Liana riu. Um riso leve, quase infantil, como se, por um breve instante, ela tivesse sido tomada pela verdadeira Camille. Por dentro, um calor suave crescia. Talvez ela nunca tivesse realmente sido só tristeza. Talvez, por trás da imagem da menina silenciosa e rejeitada, houvesse uma jovem cheia de vida, cheia de histórias. Cheia de amor.

As horas passaram com histórias, gargalhadas e até algumas lágrimas tímidas. No fim do dia, quando Ellen e Samira se despediram com abraços apertados, Liana sentiu um vazio breve — mas um vazio bom, como quem deseja o retorno de algo verdadeiro.

Já era fim de tarde quando ela decidiu visitar o quarto secreto de Camille. Rodolfo a acompanhou discretamente até o andar onde ninguém mais ia. A porta antiga ainda rangia, e o cheiro de flores artificiais se misturava ao do álcool hospitalar. Lá estava ela. Camille. O corpo adormecido, os olhos imóveis, mas vivos em algum lugar além da pele.

Liana se sentou ao lado da cama e pegou a mão de Camille com cuidado.

— Você... você viveu tantas coisas — sussurrou. — Prometo que não vou estragar as memórias que essas pessoas têm de você... Eu viajei tanto, mas não fiz amizades tão leias como as que você tem.

Ela contou tudo que fez, como fez com que Helena e Susan engolissem seu orgulho, como bateu em Helena. E como Artur havia lhe dado mais do que ela merecia — e, mesmo assim, sumira.

— Eu não sei se ele desistiu de você... ou se está apenas cansado de esperar que eu volte a ser você — disse com a voz embargada. — Mas eu prometo... ainda não terminei. É só o começo.

Deu um beijo na testa da irmã e voltou para o próprio quarto.

A noite caiu sem aviso. O hospital mergulhou em um silêncio quase sobrenatural.
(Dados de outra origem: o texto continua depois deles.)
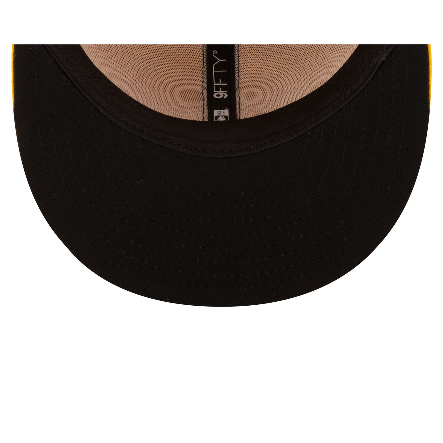 The Pittsburgh Steelers Historic Helmet Pack 9FIFTY Snapback features an embroidered fabric applique Steelers replica helmet design at the crown with a matching woven team logo tag at an adjustable snapback closure at the rear and a black undervisor.

As luzes frias piscavam nos corredores, e a comida servida foi... horrível. Jantou com Rodolfo mesmo assim — ele tentava fazer piadas sobre a comida, mas Liana estava absorta demais pensando em Artur.

— Ele não voltou. Nem uma mensagem — murmurou, olhando para o relógio.
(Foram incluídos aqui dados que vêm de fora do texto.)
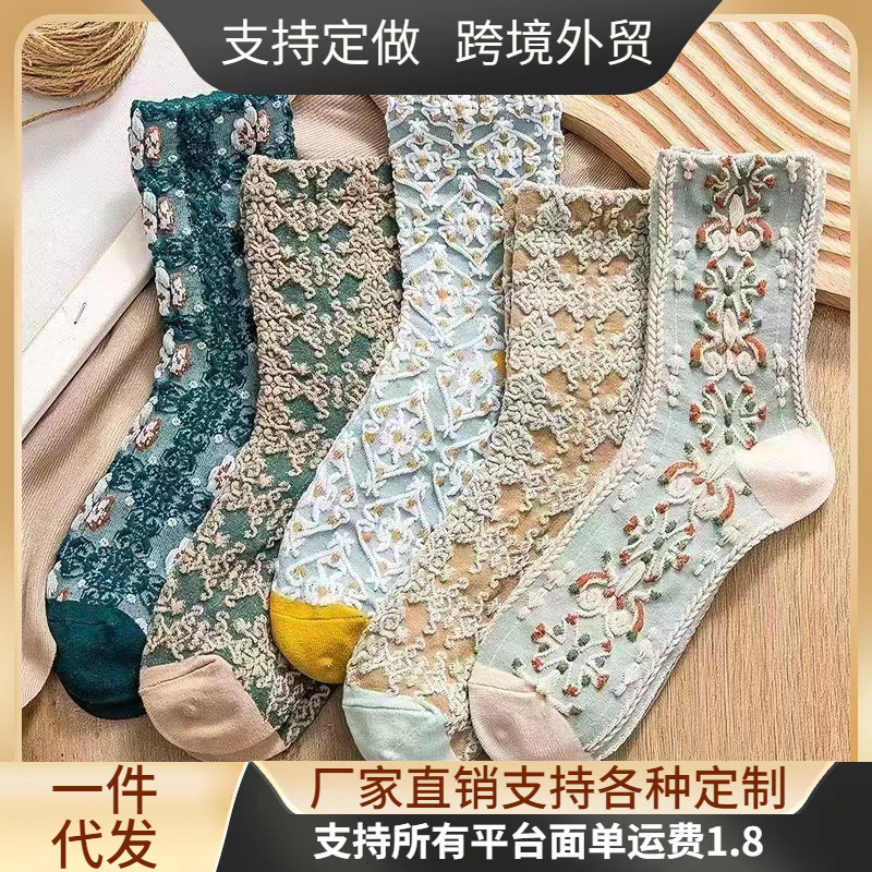 宮殿風ソックスレディースミッドカーフソックスネット有名人イントレンド綿ソックス日本韓国版秋冬安いハイカットストッキング女性用

— Talvez ele precise de tempo, Liana — disse Rodolfo. — Mas também pode estar armando algo. Lembre-se que não deves confiar em ninguém.

Mais tarde, já deitada, Liana tentou fechar os olhos. Mas o cansaço não vinha. O silêncio do quarto era sufocante. E foi então, lá pela madrugada, quando o hospital parecia um mundo à parte, que ela ouviu.

Um leve clique.

A maçaneta da porta se mexeu, sutilmente. Depois, o rangido suave de alguém entrando com extremo cuidado.
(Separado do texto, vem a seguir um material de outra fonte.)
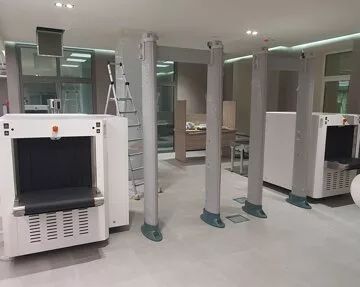 Нашей компанией изготовлены и введены в эксплуатацию двухпроекционные рентгенотелевизионные установки BERG для досмотра личных вещей сотрудников и посетителей офисного здания компании Зарубежнефть. По отдельному пожеланию заказчика оборудование было покрашено в нестандартный цвет по таблице RAL, а рабочее место операторов выведено в отдельное помещение на расстоянии более 20 метров от места установки интроскопов.

Liana pensou em se levantar, mas o corpo não respondeu de imediato. Estava em um estado entre o sono e a vigília. Então, sentiu o colchão afundar... uma presença se aproximando.

— Artur...? — murmurou, os olhos entreabertos.

Mas o que veio não foi uma resposta. Foi um travesseiro, pressionado com força contra seu rosto.

O pânico foi imediato.

Ela tentou gritar, mas o som morria abafado. As mãos agarraram o lençol, depois o pulso da agressora. Era uma mulher — pelo perfume floral, familiar. As mãos eram pequenas, porém firmes. E havia raiva. Frieza.

Liana se debateu com desespero, as pernas chutando o ar, os braços lutando por espaço. Sentia o ar sumir, o peito queimando.

Ela revirou o corpo, batendo contra a cabeceira da cama, lutando com tudo o que tinha. A dor na testa não a impediu de continuar. Com um movimento brusco, conseguiu virar o rosto e puxar o travesseiro com força.

— SOCORRO! — gritou com tudo que restava de fôlego, e conseguiu alcançar o botão de alarme que fica próximo da cama.

A mulher recuou rapidamente e correu para a porta. Mas a luz do corredor, que invadiu o quarto por um instante, revelou um vulto magro de cabelos soltos — um rosto meio escondido, mas familiar o suficiente para arrepiar a espinha de Liana.

A porta se fechou com estrondo.

O quarto ficou escuro outra vez. Mas Liana ofegava, o peito subindo e descendo em ritmo frenético. Suada, trêmula... viva.

E com mais uma certeza gravada na pele: alguém ainda quer ver Camille morta.